[Records for processing]

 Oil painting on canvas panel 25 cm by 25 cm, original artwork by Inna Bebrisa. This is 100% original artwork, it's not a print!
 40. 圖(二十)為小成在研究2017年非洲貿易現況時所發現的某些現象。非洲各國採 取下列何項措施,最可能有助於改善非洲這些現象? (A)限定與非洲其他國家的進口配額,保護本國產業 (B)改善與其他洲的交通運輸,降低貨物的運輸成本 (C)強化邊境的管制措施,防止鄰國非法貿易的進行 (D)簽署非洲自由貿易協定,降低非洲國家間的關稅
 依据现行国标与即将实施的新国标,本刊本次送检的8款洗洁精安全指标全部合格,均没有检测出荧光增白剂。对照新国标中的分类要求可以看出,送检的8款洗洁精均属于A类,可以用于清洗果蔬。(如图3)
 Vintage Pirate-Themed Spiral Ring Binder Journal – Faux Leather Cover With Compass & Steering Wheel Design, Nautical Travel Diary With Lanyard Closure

[/Records for processing]
[Records for processing]

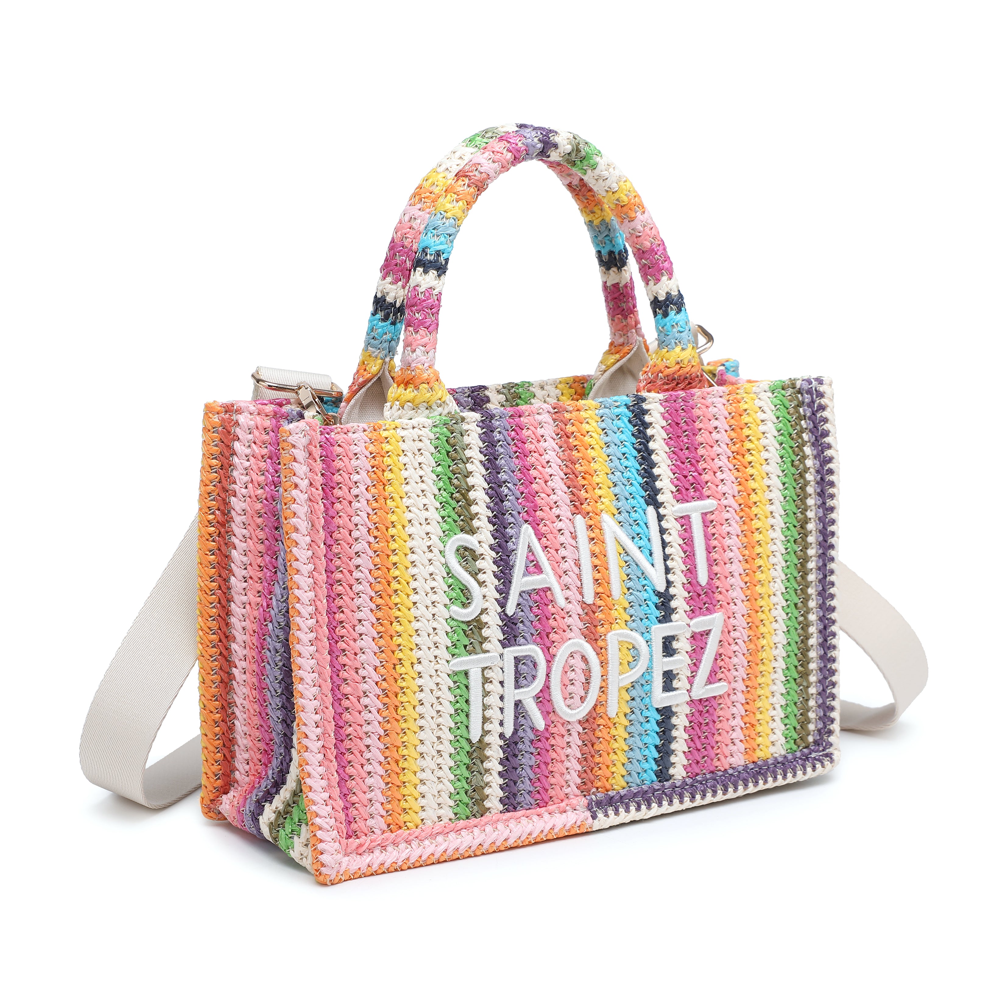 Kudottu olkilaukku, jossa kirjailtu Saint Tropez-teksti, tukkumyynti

[/Records for processing]
[Records for processing]

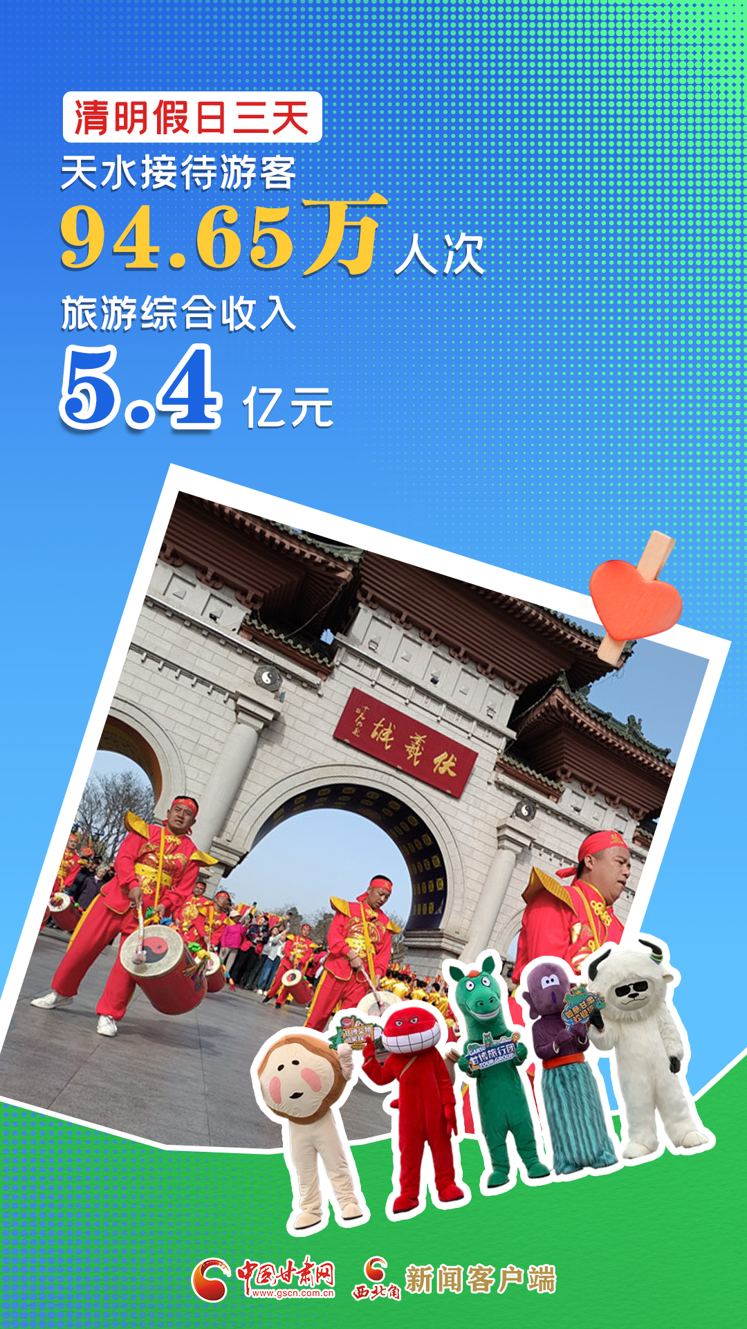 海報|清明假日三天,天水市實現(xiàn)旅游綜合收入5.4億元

[/Records for processing]

[Task directions]: All that belongs in your answer is the stretch of entries above from the line with "依据现行国标与即将实施的新国" through the line with "Vintage Pirate-Themed Spiral", printed exactly.

[Your response]:
 依据现行国标与即将实施的新国标,本刊本次送检的8款洗洁精安全指标全部合格,均没有检测出荧光增白剂。对照新国标中的分类要求可以看出,送检的8款洗洁精均属于A类,可以用于清洗果蔬。(如图3)
 Vintage Pirate-Themed Spiral Ring Binder Journal – Faux Leather Cover With Compass & Steering Wheel Design, Nautical Travel Diary With Lanyard Closure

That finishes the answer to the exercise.